使用Firecrawl抓取和提取结构化数据

Firecrawl利用大型语言模型(LLMs)高效地从网页中提取结构化数据。以下是具体方法:

  1. 模式定义: 使用JSON Schema(遵循OpenAI工具模式)定义要抓取的URL和所需的数据模式。此模式指定了您希望从页面中提取的数据结构。

  2. 抓取端点: 将URL和模式传递给抓取端点。可以在以下位置找到该端点的文档: 抓取端点文档

  3. 结构化数据检索: 以您定义的模式接收抓取到的数据。然后,您可以在应用程序中使用这些数据或进行进一步处理。

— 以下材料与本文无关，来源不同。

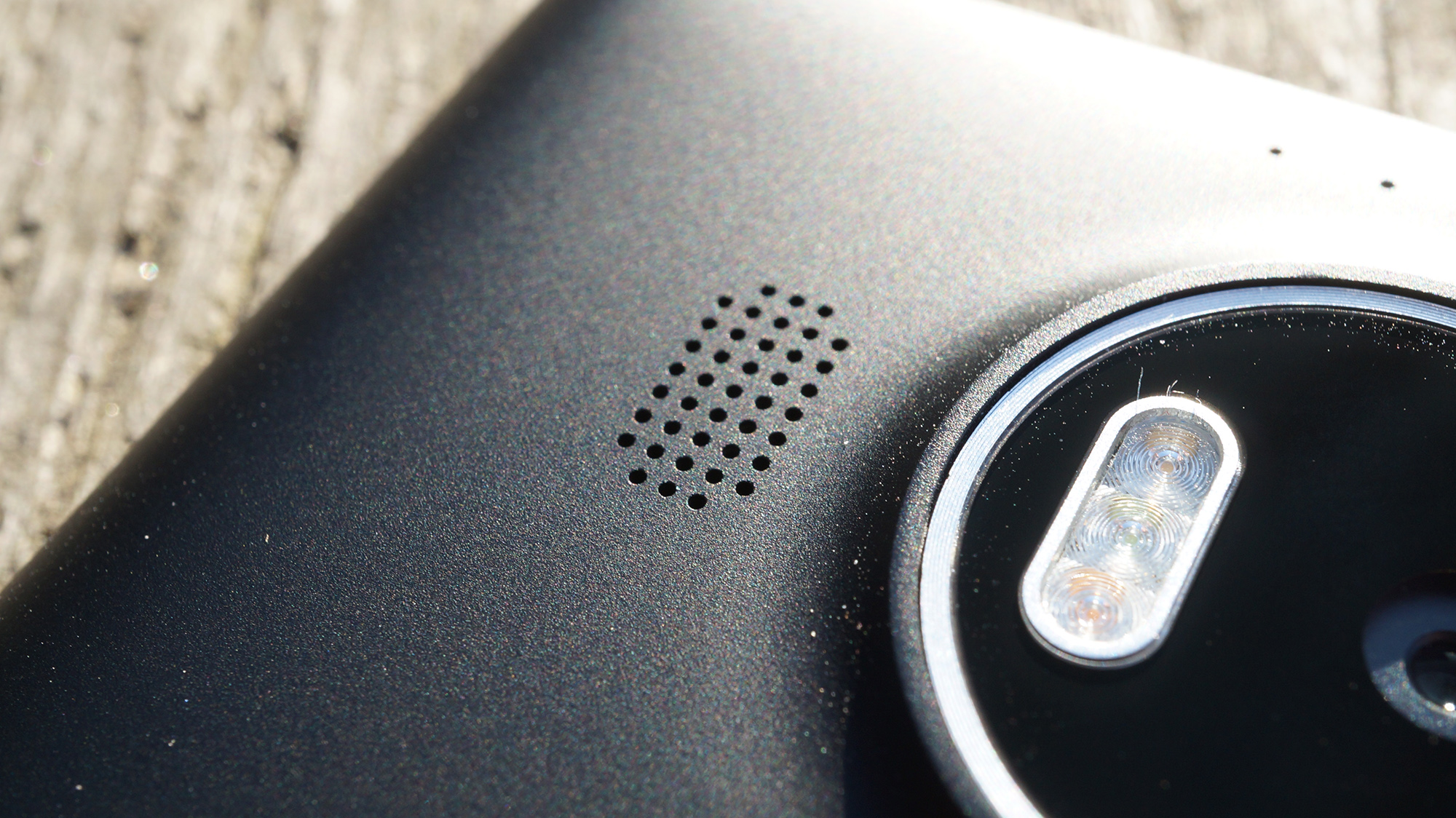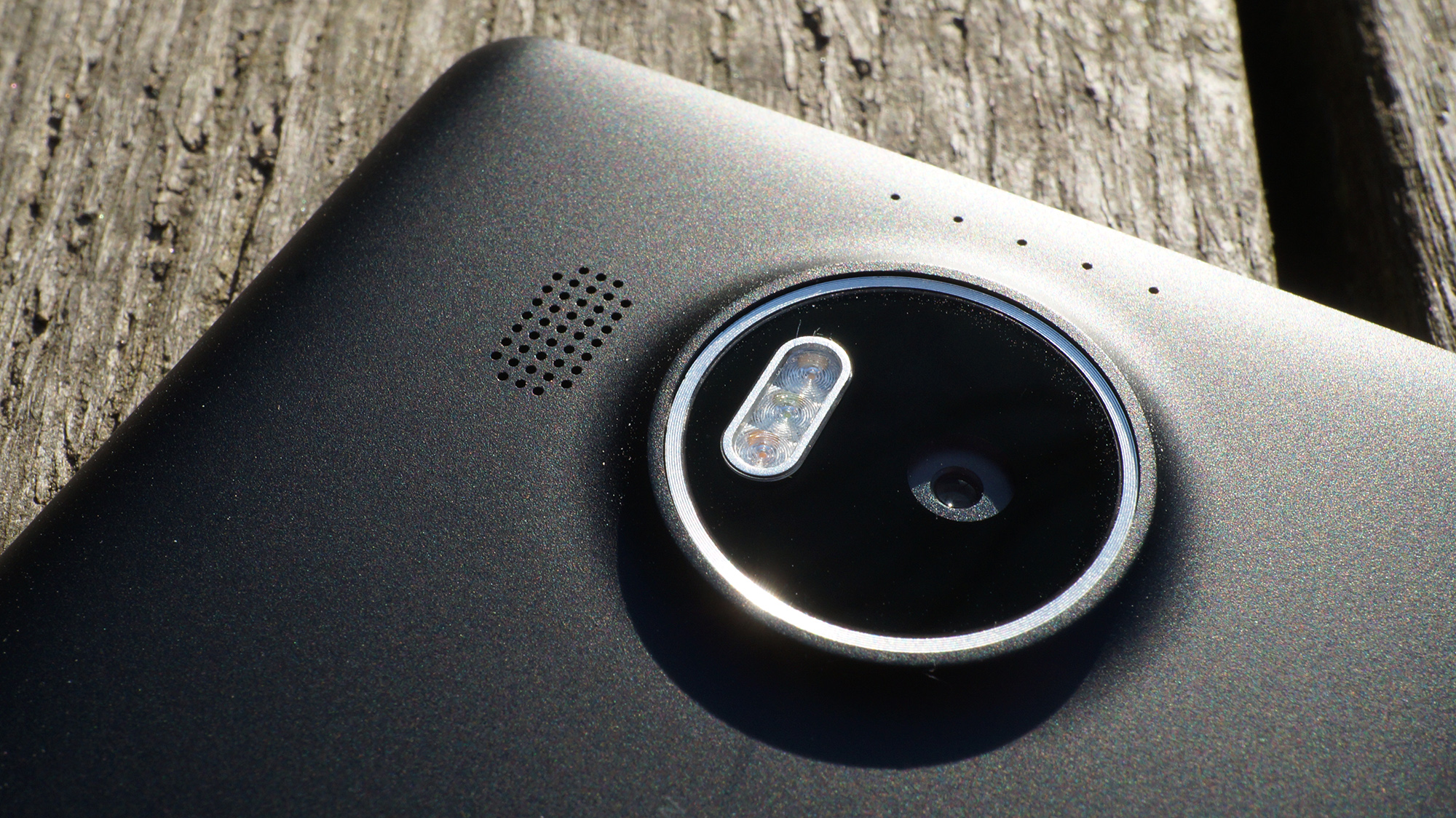 Utöver ett matt plastskal har telefonens baksida ett flertal intressanta komponenter. Kameran är inbyggd i ett stort runt kamerahus som sticker ut ett par millimeter från telefonens baksida. I det runda kamerahuset sitter tre LED-lampor med olika färgtemperatur samt en 20 megapixelkamera.
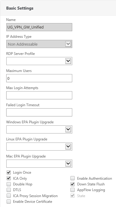 c) enable ICA Only (if you’re not going to use SSL VPN or SmartAccess policies) so you don’t consume Universal Licenses.
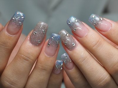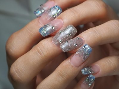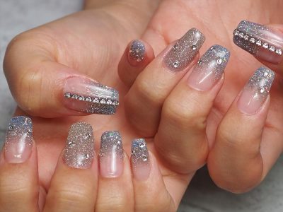 親指にアクセントのチェーンストーンをON★
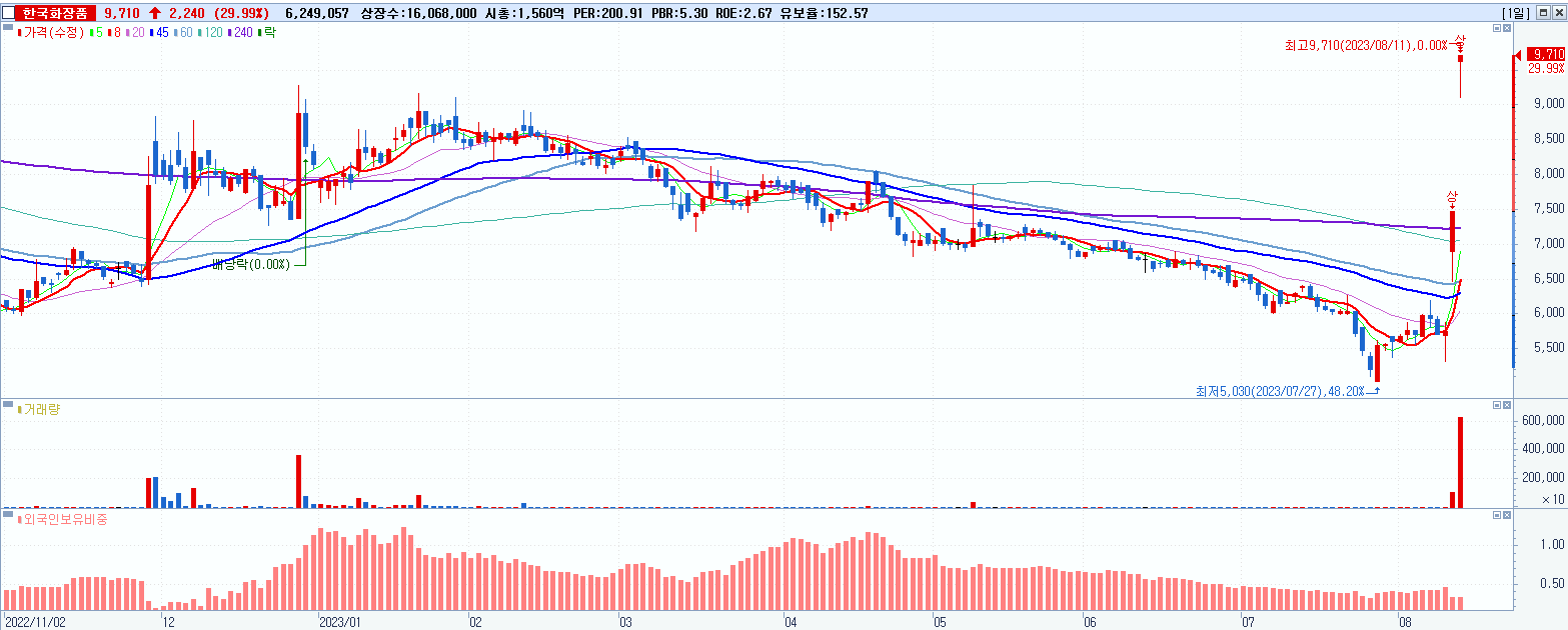3.한국화장품 9,710원 ▲ 29.99% (KOSPI, 123690)

这种方法简化了数据提取过程,减少了手动操作并提高了效率。

提取结构化数据

/scrape (带提取) 端点

用于从抓取的页面中提取结构化数据。

curl -X POST https://api.firecrawl.dev/v0/scrape \
    -H 'Content-Type: application/json' \
    -H 'Authorization: Bearer YOUR_API_KEY' \
    -d '{
      "url": "https://docs.firecrawl.dev/",
      "extractorOptions": {
        "mode": "llm-extraction",
        "extractionPrompt": "Based on the information on the page, extract the information from the schema. ",
        "extractionSchema": {
          "type": "object",
          "properties": {
            "company_mission": {
                      "type": "string"
            },
            "supports_sso": {
                      "type": "boolean"
            },
            "is_open_source": {
                      "type": "boolean"
            },
            "is_in_yc": {
                      "type": "boolean"
            }
          },
          "required": [
            "company_mission",
            "supports_sso",
            "is_open_source",
            "is_in_yc"
          ]
        }
      }
    }'
{
  "success": true,
  "data": {
    "content": "Raw Content",
    "metadata": {
      "title": "Mendable",
      "description": "Mendable allows you to easily build AI chat applications. Ingest, customize, then deploy with one line of code anywhere you want. Brought to you by SideGuide",
      "robots": "follow, index",
      "ogTitle": "Mendable",
      "ogDescription": "Mendable allows you to easily build AI chat applications. Ingest, customize, then deploy with one line of code anywhere you want. Brought to you by SideGuide",
      "ogUrl": "https://docs.firecrawl.dev/",
      "ogImage": "https://docs.firecrawl.dev/mendable_new_og1.png",
      "ogLocaleAlternate": [],
      "ogSiteName": "Mendable",
      "sourceURL": "https://docs.firecrawl.dev/"
    },
    "llm_extraction": {
      "company_mission": "Train a secure AI on your technical resources that answers customer and employee questions so your team doesn't have to",
      "supports_sso": true,
      "is_open_source": false,
      "is_in_yc": true
    }
  }
}

使用Python SDK

from firecrawl import FirecrawlApp

# 使用您的API密钥初始化FirecrawlApp
app = FirecrawlApp(api_key='your_api_key', version='v0')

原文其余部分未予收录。